Fortunately many production companies are starting to realise that supporting freelancers’ growth and career progression is beneficial not only for their upcoming projects, but also for the industry in general. Organisations such as Screenskills offer mentoring programs, grants or other forms of support to help freelancers, especially in the more junior positions with gaining more confidence or more experienced freelancers what to change their career path.
We can proudly admit that one of TCC’s missions is education and keeping the conversations going, trying to shift things forward. We are doing this through staying in touch with universities and media training programmes, understanding how we can work together to help filter what down what clients’ needs are, and for these courses to influence us in what the new generation of media professionals are hoping for. We do things such as putting on presentations on how to write CV’s or create a high quality reels, and how to gain and retain clients. Keeping the conversation with the students open is beneficial both ways. Thanks to this, we can stay in the loop with new ideas, and follow how the media industry is changing. This summer we decided to start our Rising Talent programme, to help nurture new talent as they embark on a career in the media industry, whilst also trying to help tackle the skills shortage our clients are facing. We plan to return each year with our 8 month programme were 10 Rising Talent will join our roster and be paired up with a freelancer mentor. Our pilot run this year is already proving successful with two of them having already been booked out on their first freelance job!

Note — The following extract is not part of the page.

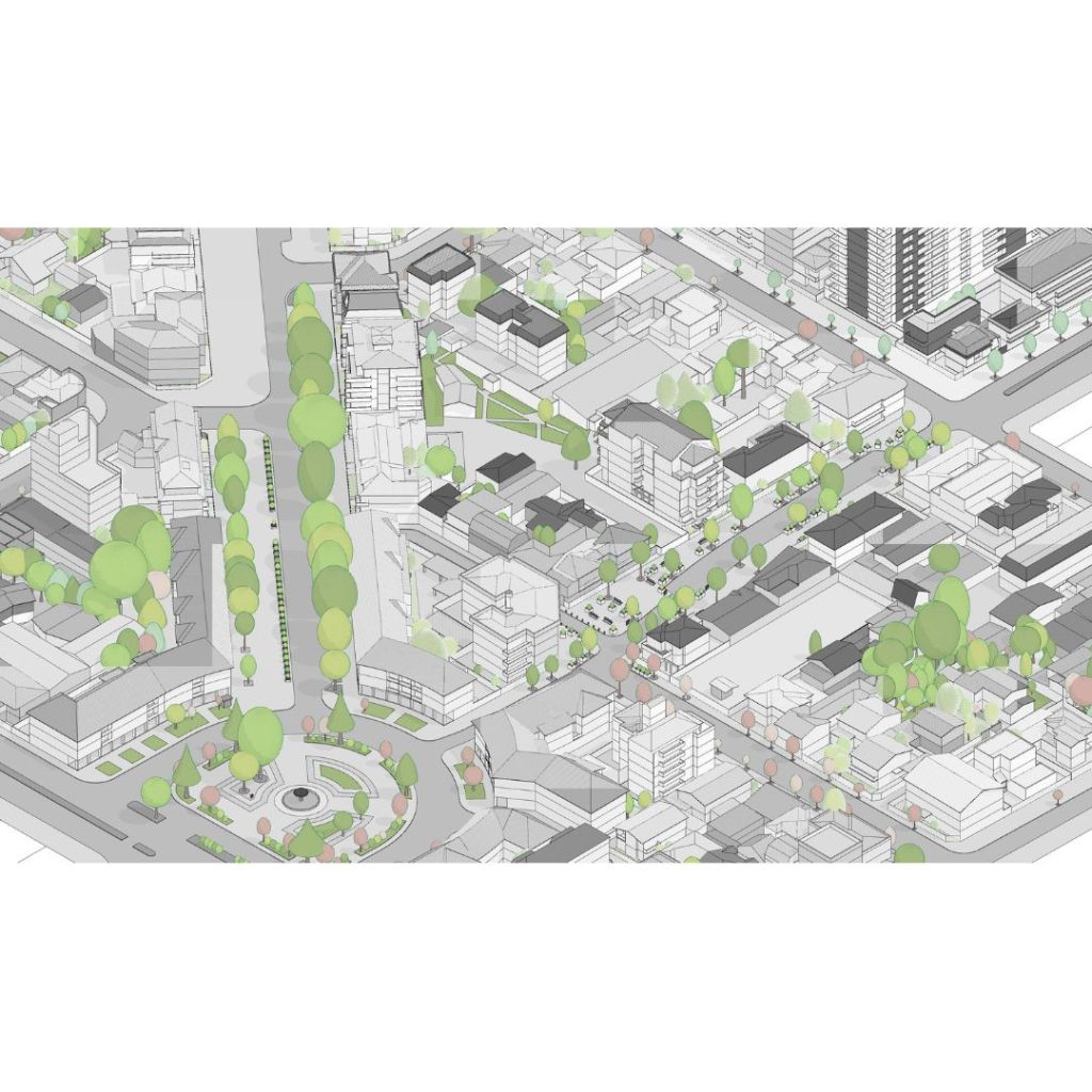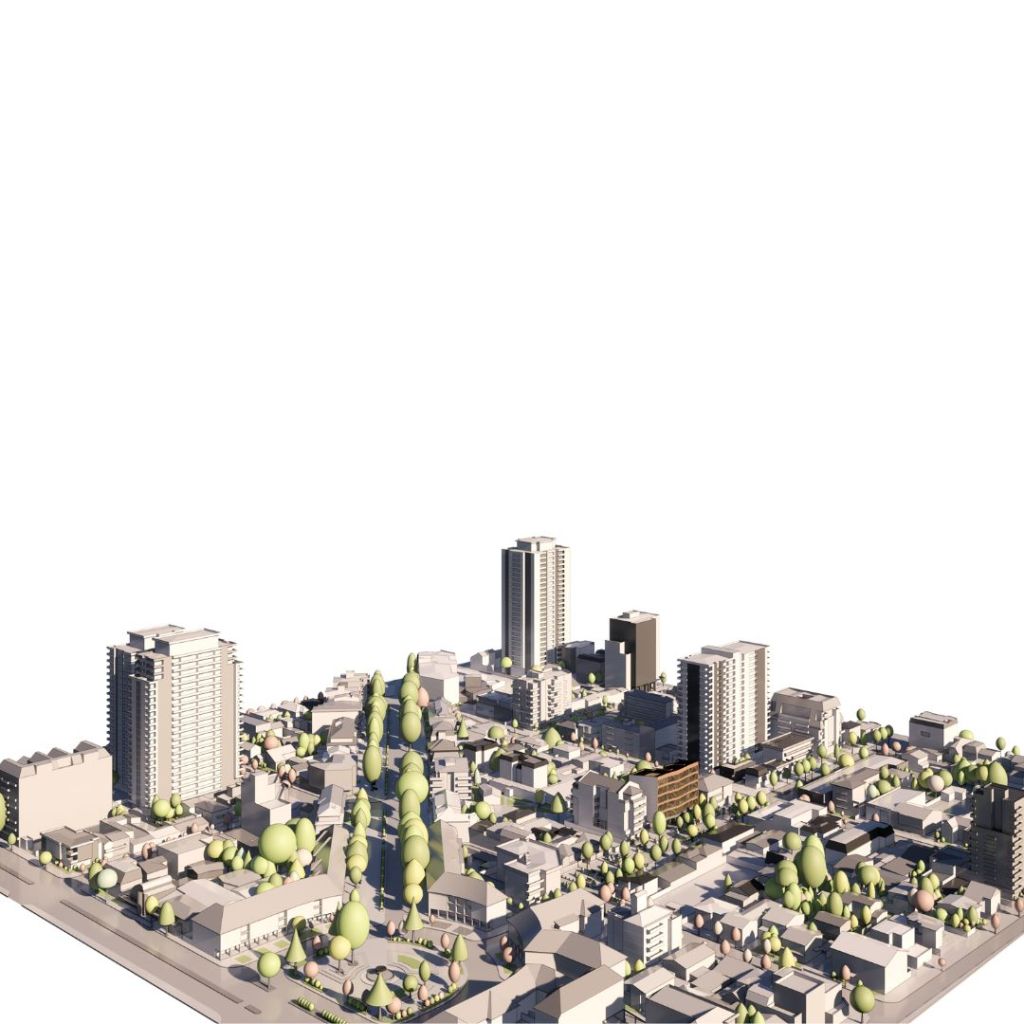 El levantamiento de información fue a partir de CAD de Levantamientos Urbanos, Google Earth y Google StreetView y la modelación detallada de cada manzana alrededor del proyecto venia acompañada de plantillas para aislar las piezas y contornos para cortar en CNC como les comentaba.

Coming back to the main subject of the panel, are there any positive changes for the media industry? Certainly yes! Surprisingly, whilst the pandemic had significantly impacted many freelancers and clients, it also proved to be an opportunity to re-evaluate and reflect on freelancers’ lives, and the media industry in general. Freelancers simply started to question the industry, asking clients for feedback, connecting with each other, being more aware of mental health, sharing their problems related to specific jobs and the industry as a whole. Some freelancers are now more confident about their own expectations, and the treatment they deserve as a dedicated freelancer to the industry. This ripple effect then encourages clients to make the effort to listen to these needs and make sure they are playing their part to make skilled people stay in the industry.